- YOUR ASSIGNMENT:
Transcribe the full listing exactly, and drop every picture.
== INFORMATION SUPPLIED ==
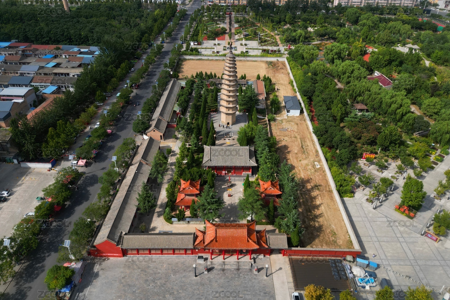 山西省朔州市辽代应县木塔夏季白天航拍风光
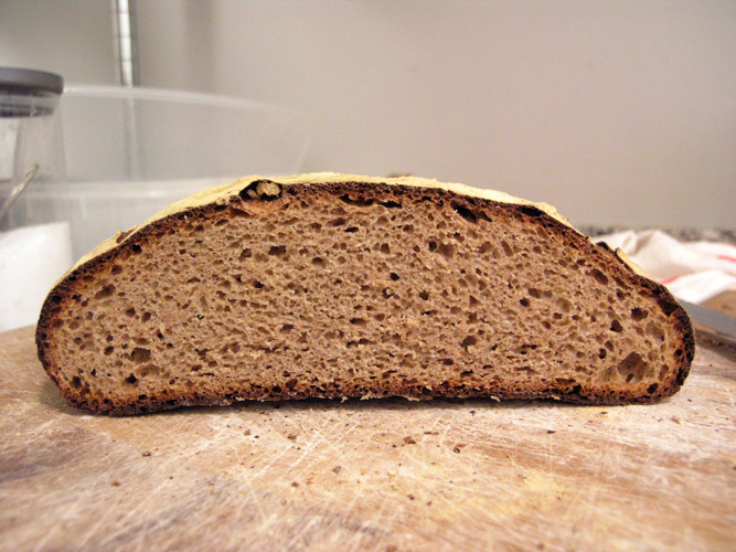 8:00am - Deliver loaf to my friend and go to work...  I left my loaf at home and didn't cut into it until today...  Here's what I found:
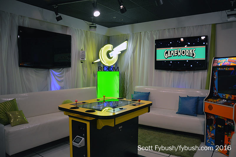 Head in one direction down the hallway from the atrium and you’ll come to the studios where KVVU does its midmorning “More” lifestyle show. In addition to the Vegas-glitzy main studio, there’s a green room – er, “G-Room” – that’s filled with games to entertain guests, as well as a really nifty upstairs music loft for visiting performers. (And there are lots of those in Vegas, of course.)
===
- SOLVED EXERCISE:
 山西省朔州市辽代应县木塔夏季白天航拍风光
 8:00am - Deliver loaf to my friend and go to work...  I left my loaf at home and didn't cut into it until today...  Here's what I found:
 Head in one direction down the hallway from the atrium and you’ll come to the studios where KVVU does its midmorning “More” lifestyle show. In addition to the Vegas-glitzy main studio, there’s a green room – er, “G-Room” – that’s filled with games to entertain guests, as well as a really nifty upstairs music loft for visiting performers. (And there are lots of those in Vegas, of course.)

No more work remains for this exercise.